══ Provided material ══

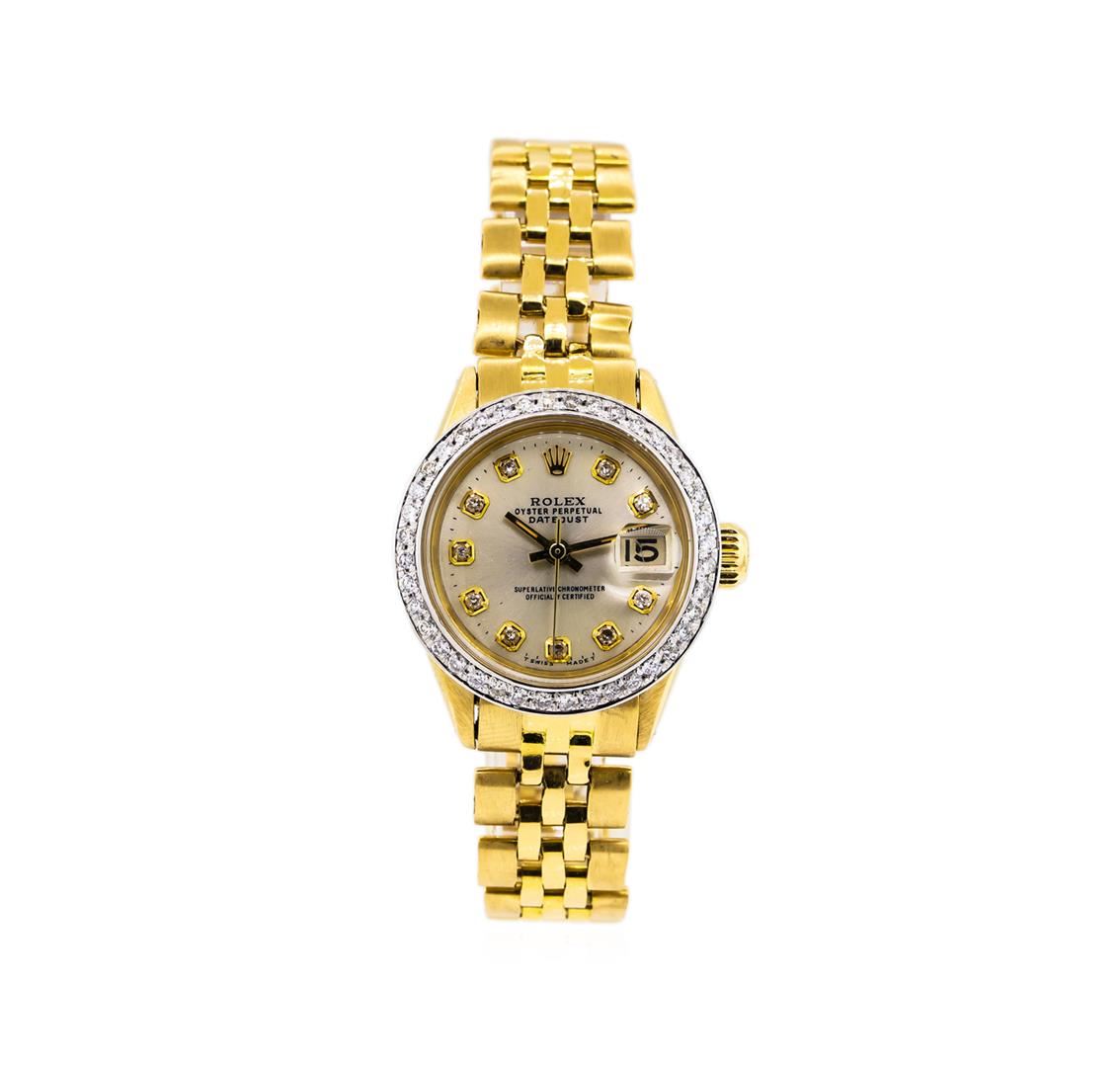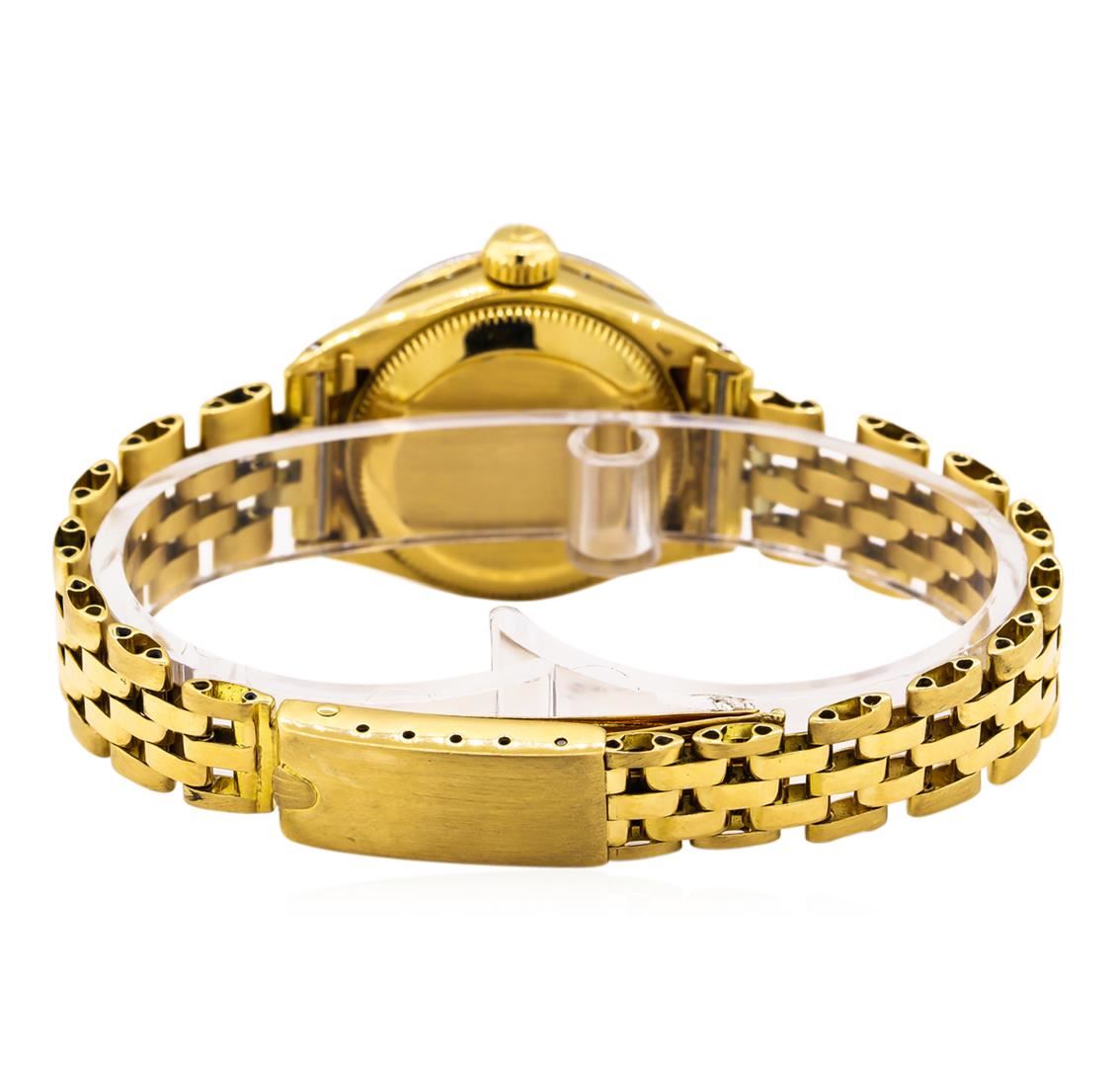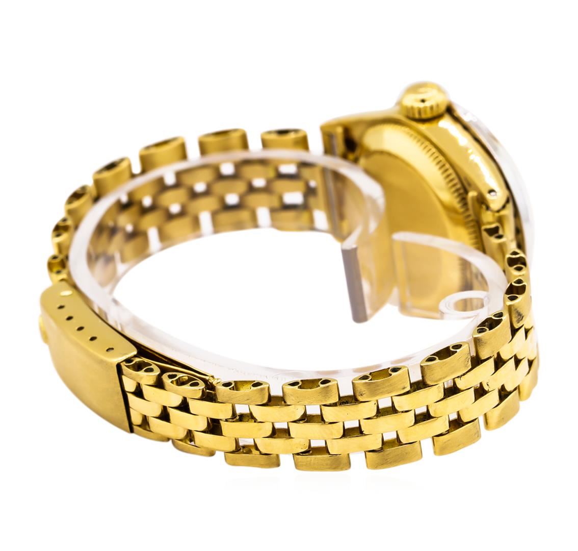 One ladies, hand crafted & machine milled Rolex DateJust model wristwatch electronically tested 18KT yellow gold, Swiss Hallmarked Case: 25mm oyster, Crown: twinlock with logo, non-factory Custom Bezel: fluted, Crystal: acrylic cyclops lens. Movement: superlative chronometer, Customized Rolex signed Dial: mother of pearl, with baton hands, and diamond markers, Date Display: Light Ivory color date wheel, 3 o'clock position, non-quick set. Bracelet: 18KT yellow gold, the light jubilee link, Condition: G-5 Fine. Circa: 1966, Bright polish & satin finish. Six inch length. Swiss and Rolex Hallmarked clasp, with logo. Containing: Forty prong set round brilliant cut diamonds, measuring an average of 1.50mm in diameter, approximate total weight = 0.50ct Set & graded in the bezel. Clarity VS-1 to SI-1 Average. Color: F - H. Total Weight of Diamonds 0.50ct. Total Weight of Watch 49.26gm. AIG Appraised at $18,440.00.
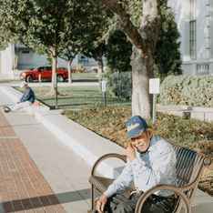 Er steckt sein Handy weg und steigt aus. Die Bahn fährt los.
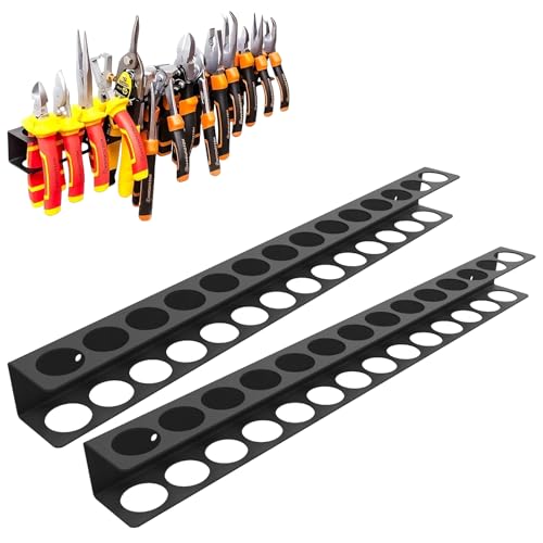 Tånghållare väggfäste, 2 stycken verktygshållare vägg av stål verktyg väggfäste med 14 hål för skruvmejsel tång hammare arrangör för garage verkstad verktygsvägg, svart
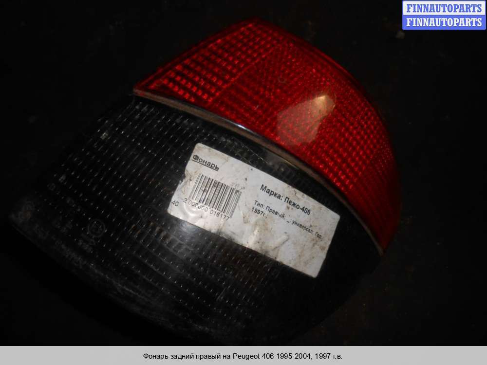 Компания FINNAUTOPARTS занимается продажей контрактных (б/у, бывших в употреблении) запчастей для иномарок. В нашей компании продаются только оригинальные запчасти из Европы, Японии и Кореи, которые не имеют пробега по РФ. Если вы хотите приобрести фонарь задний (правый) для а/м Пежо 406, смело обращайтесь в нашу компанию. Все наши менеджеры — профессионалы своего дела, и с удовольствием помогут вам купить запчасти, в том числе, задние фонари правые, на Peugeot 406 и другие автомобили.

═══

Required action —
Would you output the listing above verbatim, without its pictures?

Reply —
 One ladies, hand crafted & machine milled Rolex DateJust model wristwatch electronically tested 18KT yellow gold, Swiss Hallmarked Case: 25mm oyster, Crown: twinlock with logo, non-factory Custom Bezel: fluted, Crystal: acrylic cyclops lens. Movement: superlative chronometer, Customized Rolex signed Dial: mother of pearl, with baton hands, and diamond markers, Date Display: Light Ivory color date wheel, 3 o'clock position, non-quick set. Bracelet: 18KT yellow gold, the light jubilee link, Condition: G-5 Fine. Circa: 1966, Bright polish & satin finish. Six inch length. Swiss and Rolex Hallmarked clasp, with logo. Containing: Forty prong set round brilliant cut diamonds, measuring an average of 1.50mm in diameter, approximate total weight = 0.50ct Set & graded in the bezel. Clarity VS-1 to SI-1 Average. Color: F - H. Total Weight of Diamonds 0.50ct. Total Weight of Watch 49.26gm. AIG Appraised at $18,440.00.
 Er steckt sein Handy weg und steigt aus. Die Bahn fährt los.
 Tånghållare väggfäste, 2 stycken verktygshållare vägg av stål verktyg väggfäste med 14 hål för skruvmejsel tång hammare arrangör för garage verkstad verktygsvägg, svart
 Компания FINNAUTOPARTS занимается продажей контрактных (б/у, бывших в употреблении) запчастей для иномарок. В нашей компании продаются только оригинальные запчасти из Европы, Японии и Кореи, которые не имеют пробега по РФ. Если вы хотите приобрести фонарь задний (правый) для а/м Пежо 406, смело обращайтесь в нашу компанию. Все наши менеджеры — профессионалы своего дела, и с удовольствием помогут вам купить запчасти, в том числе, задние фонари правые, на Peugeot 406 и другие автомобили.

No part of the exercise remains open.